Buying Guide Step 6

About Conveyancing

What Does Conveyancing Mean?

Conveyancing is the legal process of transferring the ownership of property or land from one person to another. This is usually carried out by a solicitor.

This is a breakdown of the conveyancing process:

  • Find out from the sellers who owns the boundaries, whether they have had any disputes with neighbours and what fixtures and fittings are included.
  • Check copies of any guarantees on the property such as new windows or other building works, including details of planning permissions and building regulation certificates.
  • Check the seller is the legal owner of the property and prepare a Report on Title
  • Carry out local authority searches and check plans for the local area.
  • Pay stamp duty tax on the property.
  • Arrange registration of title into your name.

We have a panel of solicitors that we can recommend including QualitySolicitors Amphlet Lissimore and Smart Legal, because we know they work for you in a fast and efficient manner to get the conveyancing carried out as quickly as possible, so your sale can proceed.

They also provide regular timely updates of the process to keep you fully informed throughout. We know this is reassuring to our buyers and sellers.

Find out more about our panel of recommended solicitors.

How long does buying a property take to complete?

It usually takes around six to twelve weeks from the date of your offer being accepted to getting all the queries answered and the paperwork completed, even if there is no chain.

What you can do to speed up the buying process?

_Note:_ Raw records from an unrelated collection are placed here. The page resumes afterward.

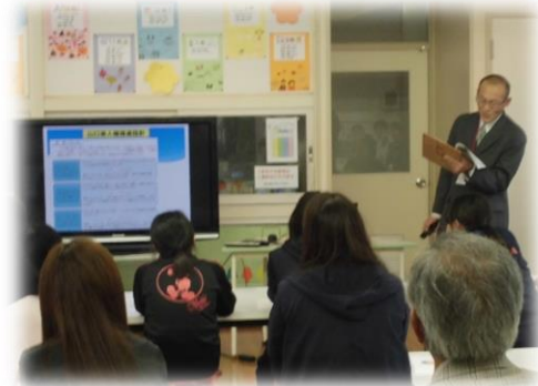
【人権教育参観日（ビデオフォーラム）】
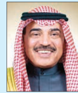
الشيخ صباح الخالد

■ محمد الجبري: «الأنباء» منارة للعمل الإعلامي المهني الوطني ■ خالد الروضان: دورها فعال في نقل الخبر بحيادية وشفافية
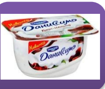
Кокос-шоколад, 130 гр.
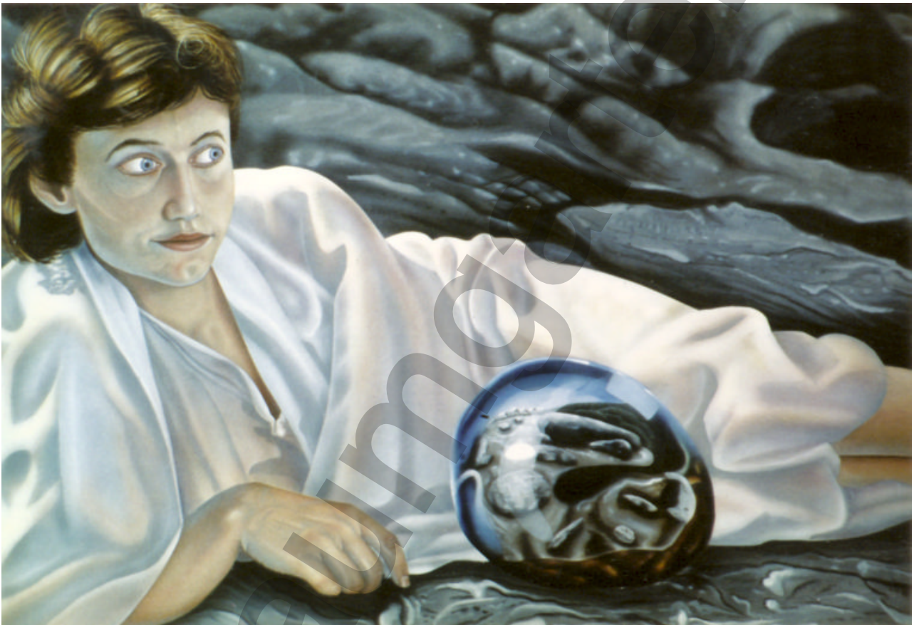
Im Lauf des Flusses Malerei*

Eine klar-träumende Bildergeschichte von Klaus- H. Schader
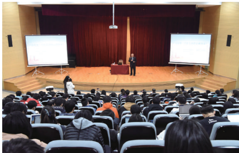
12月19日下午，苏州校区邀请我国著名经济学家、中国人民大学金融学一级教授、中国人民大学前副校长吴晓球教授为师生做题为“中国需要怎样的金融体系”的
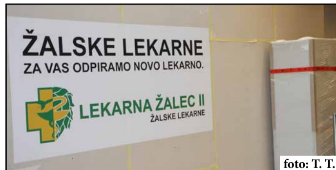
Nova enota lekarne bo dobrodošla pridobitev.
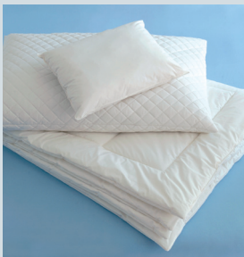
Duvets und Kissen
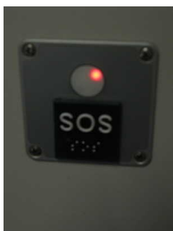
Beschriftung Innen - taktile erfassbar
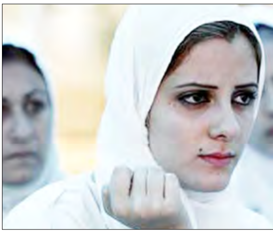
يغسلون بلباسهم الأبيض 3 مرات في مياه دجلة

وما زالت أصول هذه الديانة غامضة. ويقول وجهواهم إنها نشأت في بلاد الرافدين لكن المجموعة انتقلت إلى القدس بسرع قبل أن تعود إلى بلد منشأها. ولا يمارس الصابئة أي نشاطات تشييرية. ولهذه الطائفة وجود في العراق وأستراليا وإيران والسويد وهولندا وألمانيا.
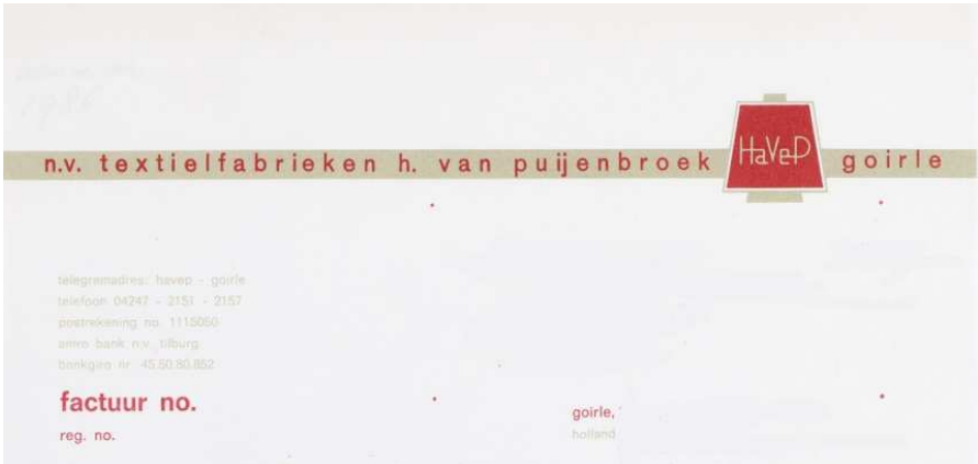
Afb. 8: Briefhoofd van HaVeP op een factuur van 1972 2)

In 1992 gaat het bedrijf samen met de Budelse Confectie Fabriek (Bucofa), waarmee samenwerking start met wasserijen en de auto-industrie. Men gaat samen verder onder de naam HAVEP.
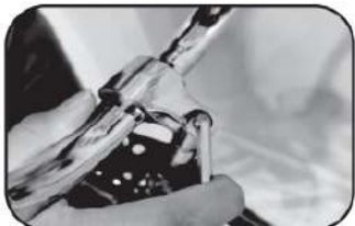
13. ชันนอตให้แน่น
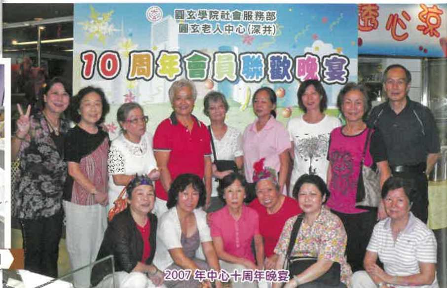
2007年中心十周年晚宴
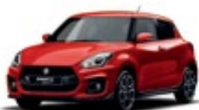
Vermelho Burning Pérola Metalizado (ZWP)
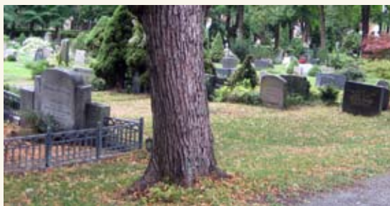
Bragernes øvre kirkegård.
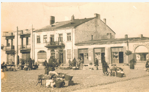
Targowisko na placu Kościuszki, okres II wojny światowej. Zdjęcie przedstawia handel na tle północnej pierzei rynku i wykonano je prawdopodobnie w 1942 roku, po likwidacji sochaczewskiego getta.
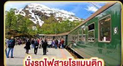
นั่งรถไฟสายโรแมนติก “พร้อมสปาเนา”
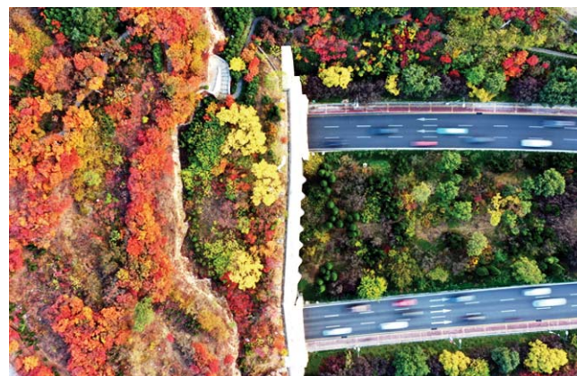
空中俯瞰，济南的隧道仿若“时光隧道”，穿越四季。
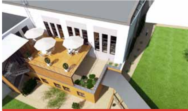
Předpokládaný termín dokončení přístavby Sokolovny je prosinec 2021.

Studenti se mohou těšit nejen na příjemné posezení v nové jí-
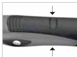
Korrekte Handhabung durch beidseitige Fingermulden.
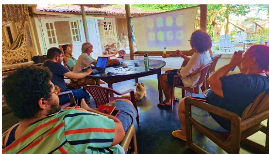
Figura 06 – Imersão do grupo da Residência (R)Existo da UFPB na Arapuca Arte e Cultura em outubro de 2024.

sendo uma luta conjunta e contínua. “conformando-se em meio a afecções e afetos dos corpos dissidentes, a teoria queer só pode se imaginar em processo de decolonização permanente.” (Pereira, 2015, p. 3). Para o fim da Residência, em outubro de 2024, desenvolvemos uma experiência imersiva em Arapuca Arte e Cultura que é um residência parceira de nosso projeto visando finalizar o ciclo e ter mais um espaço propício para a criação artística e poética (figuras 06 e 07).
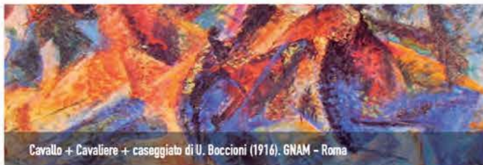
Cavallo + Cavaliere + caseggiato di U. Boccioni (1916). GNAM - Roma

Età consigliata: 8/14 anni | Durata: 2h/ 2h 30' | Costo: 10/13 €
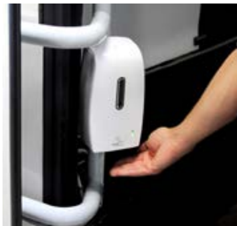
Distributeurs de gel hydroalcoolique

→ Les portes cabine conducteur (en verre ou en polycarbonate) protègent les conducteurs du risque d'infection par gouttelettes.
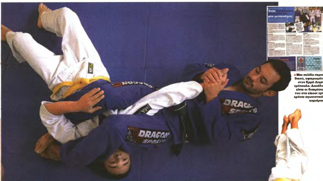
▲ Μια σελίδα περιοδικού, αφιερωμένη στον Ερμή Δημητρόπουλο. Δεκάδες είναι οι διακρίσεις του στα είκοσι τρία χρόνια αγωνιστικής καριέρας.
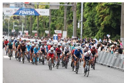
多くの観客が詰めかける東京ステージ
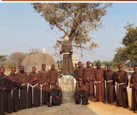
Première profession des novices de la Fondation Immaculée Mère de Dieu (Angola)
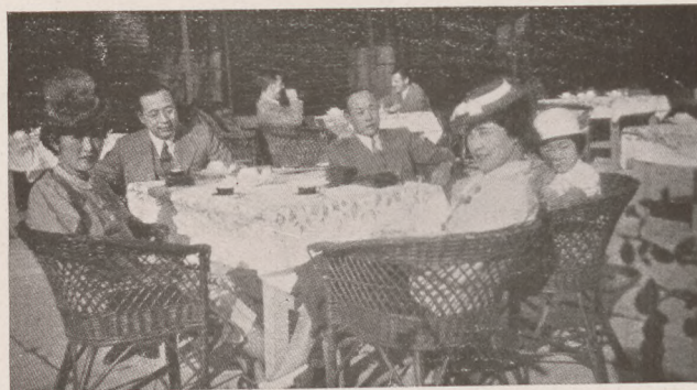
A budapesti japán követség tagjai és családjuk Kékesen

Elkészült az egyik pesti karosszéria-gyárban az első magyar camping-pótkocsi. Az összkomfortos mozgólakásban minden megvan, ami egy zavartalan weekend eltöltéséhez szükséges. Kis konyha, ágyát átalakítható süppedő fotel, villanyvilágítás, miniatűr fürdőfülke, vízvezeték, rádió, bridzstasztal, sőt még csónakgarázs is (a car tetején). A remekmű
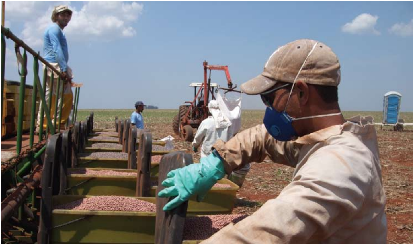
Brasil opplever en voldsom vekst i avlingene. Men mister de noe underveis?
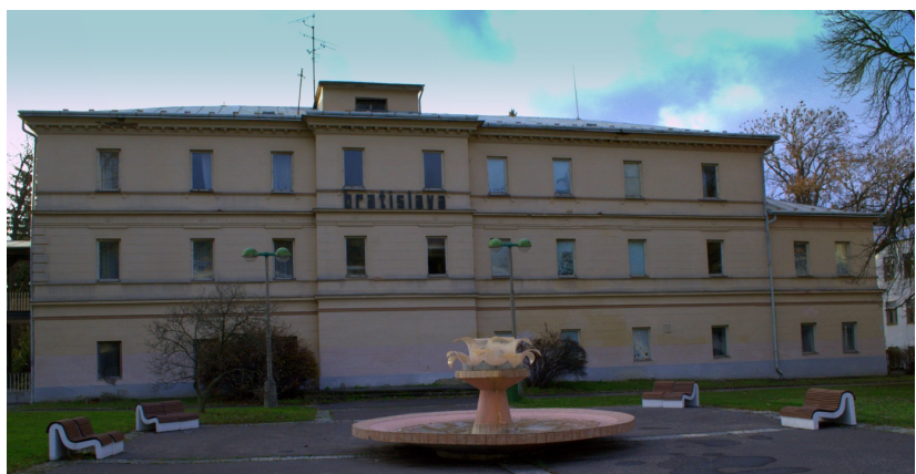
Obrázok 22: LD Bratislava

Predpokladaná kapacita 45 lôžok (odhad - po úpravách dispozície).
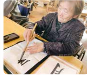
新年の書初めをしました
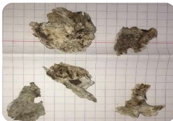
Figura 2. Restos ósseos das cabeças suínas N3, N5 e N9 após serem carbonizadas.
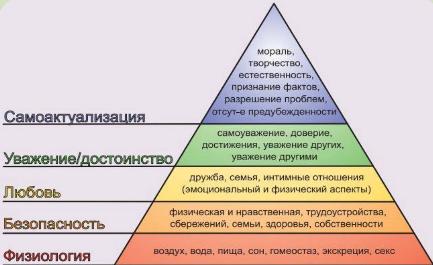
Концепция А. Маслоу иерархии потребностей в мотивации человека
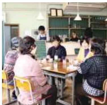
平成29年度 合同会社里山工房くもべ(丹波篠山市) 旧雲部小学校舎を活用した地域づくり
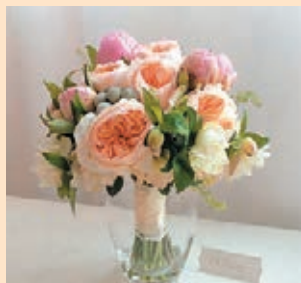
Whim 2015 春夏 婚嫁花作系列
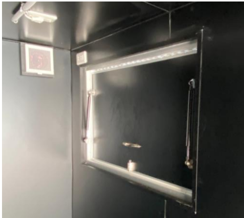
換気窓 (運転席側後方)
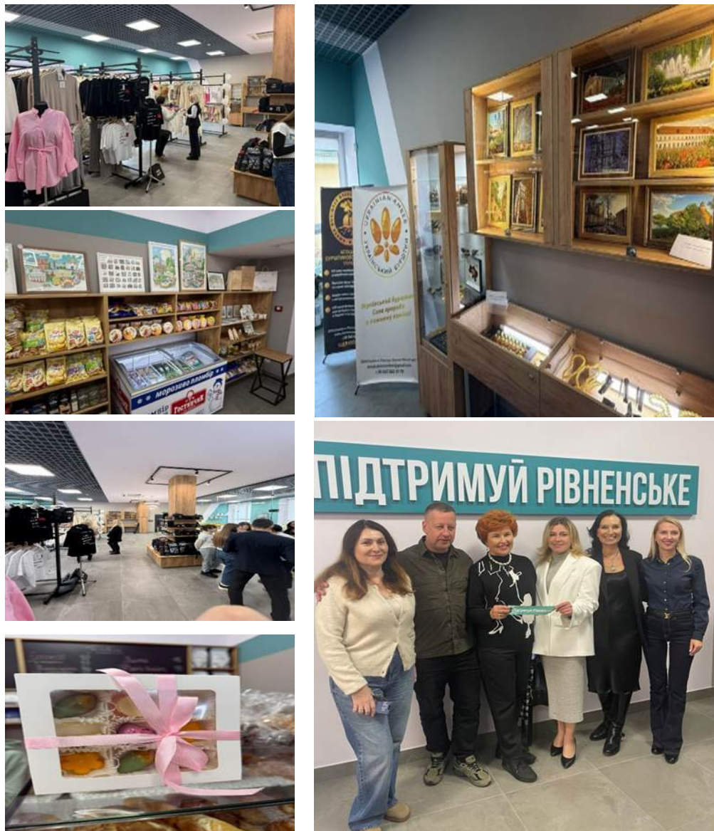
Фото 9* Відкриття майданчику «#Підтримуй Рівненське»
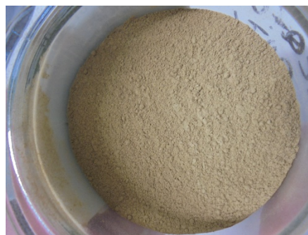
Figuur 3: Houtafval verkleind < 250 µm
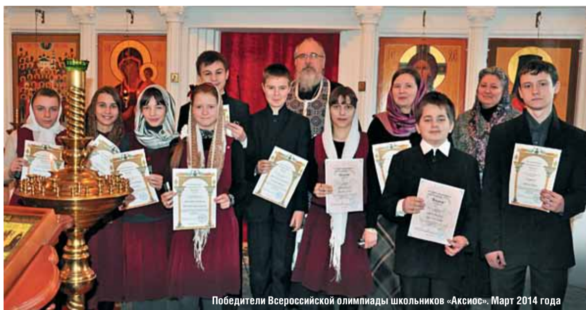
Победители Всероссийской олимпиады школьников «Аксиос». Март 2014 года

с истинно прекрасной православной культурой, отблеском красоты Божьего мира.
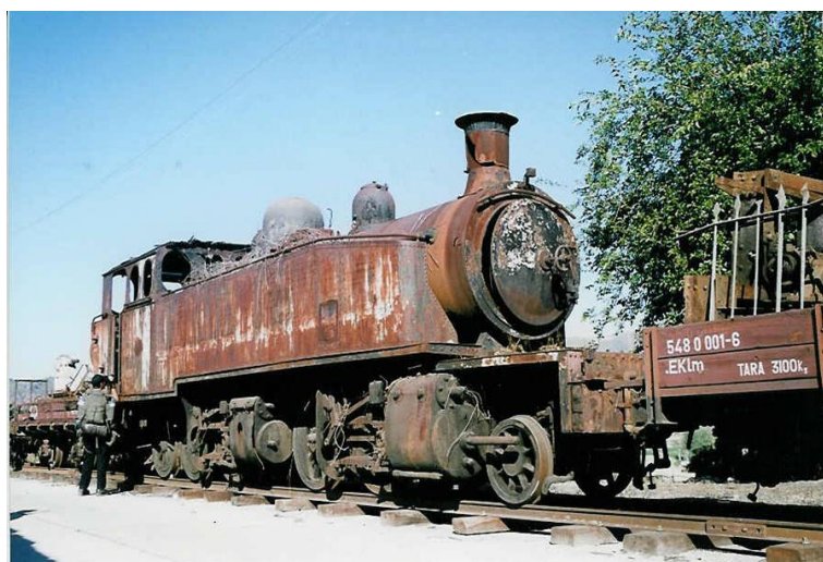
Fotografia 6: Antiga locomotiva a vapor abandonada na estação do Pocinho

Supply the following information to the solicitors as soon as possible

  • Details of  your mortgage lender
  • The seller’s details
  • Your proof of your ID and address
  • Any specific questions you would like them to ask the sellers.
  • Make sure you complete mortgage application forms and respond to solicitors’ queries as soon as possible.
  • Use emails where you can and use registered post or deliver documents by hand to save time.
  • Ask questions if there is anything you don’t understand.

What’s next?

The final stages of a house purchase are the exchange of contracts and completion.

Exchange of contracts is when copies of signed contracts are exchanged between the buyer’s solicitor and the seller’s solicitor. At this point you will be asked to pay a deposit (between 5-10%).

This Exchange of Contracts is the last stage of the legal process after which you cannot pull out without financial penalty (in England and Wales). If the buyer pulls out they will lose this deposit and may face legal action from the seller.

At the point of exchange the property becomes your responsibility and you will need to have buildings insurance in place.

Exchange and completion can be carried out at the same time, but often there is a delay between exchange and completion of around a couple of weeks, although the date for completion will be set at the point of exchange.

When the property completes your solicitor will ring you to confirm you can collect the keys. They will also send you a completion statement detailing what money has been paid and to who.